Warner rolled his eyes. Since they gotten into the tunnels, Tonia and Tomer had been complaining and joking around with each other non-stop. Over the course of the past few hours, their behavior had shifted from borderline flirtatious to full eye-contact and playful touching. It weirded Warner out. What either of them saw in each other, he had no idea, but they were getting along just fine — which, according to one of the FBI agents he had met earlier that morning, was not expected. Tomer, he was told, rubbed everyone the wrong way. Within minutes of meeting him, Warner understood what the other agent had meant. He was almost instantly irritated by the man, and knew this was going to be a seriously long day with him in the tunnels.

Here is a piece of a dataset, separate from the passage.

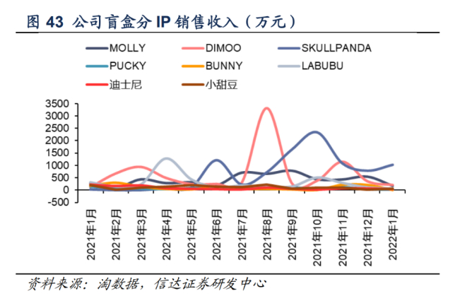 除此之外,从运营角度看,泡泡玛特自2016年推出Molly后开始掀起国内消费热潮,至今一直处于扩张期,中间经历了其他品牌的崛起与追赶,也经历了新冠疫情的蔓延和消散;IP运营角度看,泡泡玛特正努力摆脱被市场诟病的IP依赖症,开始将更多注意力转移到IP多样化上。

Tomer carried himself with the kind of air one usually finds among stereotypical bowling-alley types, the kind who wore their league shirt like it was formal attire, had a toothpick sticking out of their mouth, and whose faces were stuck in an eternal “I’m smarter than you” smirk most of the time. He came into the FBI office, hair slicked back and held in place by too much gel and wearing a suit that was probably from the expensive end of the rack at JC Penney. It would have looked better than it did if it fit him properly. Another downgrade in Warner’s eyes was Tomer’s shiny blue polyester shirt, puffed up as it lay over a thick bush of chest hair. A bright red tie stood in stark contrast to the shirt. Not exactly standard G-Man attire. He looked more like a sleazy strip-club manager. To complete the effect, he wore a big gold ring with a square of black onyx inlaid with a single diamond on the pinky of one hand and a Masonic ring on the ring finger of the other. Black knuckle hairs jutted from beneath the rings.
What really caught Warner's attention, in a weird sort of way, was Tomer's perfectly manicured fingernails. They were smooth and symmetrical, even shiny. Warner imagined Tomer sitting in a salon waiting patiently while an effeminate Asian man buffed and polished his nails. He simultaneously snickered and cringed at the image.
Tonia seemed to have a different opinion of Agent Tomer. She apparently saw something in the man that no one else did, because she jibed and cajoled with him as if they had been best buddies for years. Tonia with her Baltimore/DC inner-city black female personality and Tomer with his white trash bowling-alley/mafia wannabe persona. It had a weird kind of poetic romanticism to it. Very weird poetry indeed.
Warner had never figured out the male/female relationship thing. It was not logical how some people came together, how they became attracted to one another, and even “fell in love.” He had no clue how it all worked, and never expected it to work for him.
Regardless of the comical love affair of his cohorts, he tried to stay focused on the work. They were searching for possible ways a terrorist could put a weapon of mass destruction or tool of assassination into the underground labyrinth of tunnels and pipelines that was the foundation of the city of Anchorage. That task was turning into a lot of work.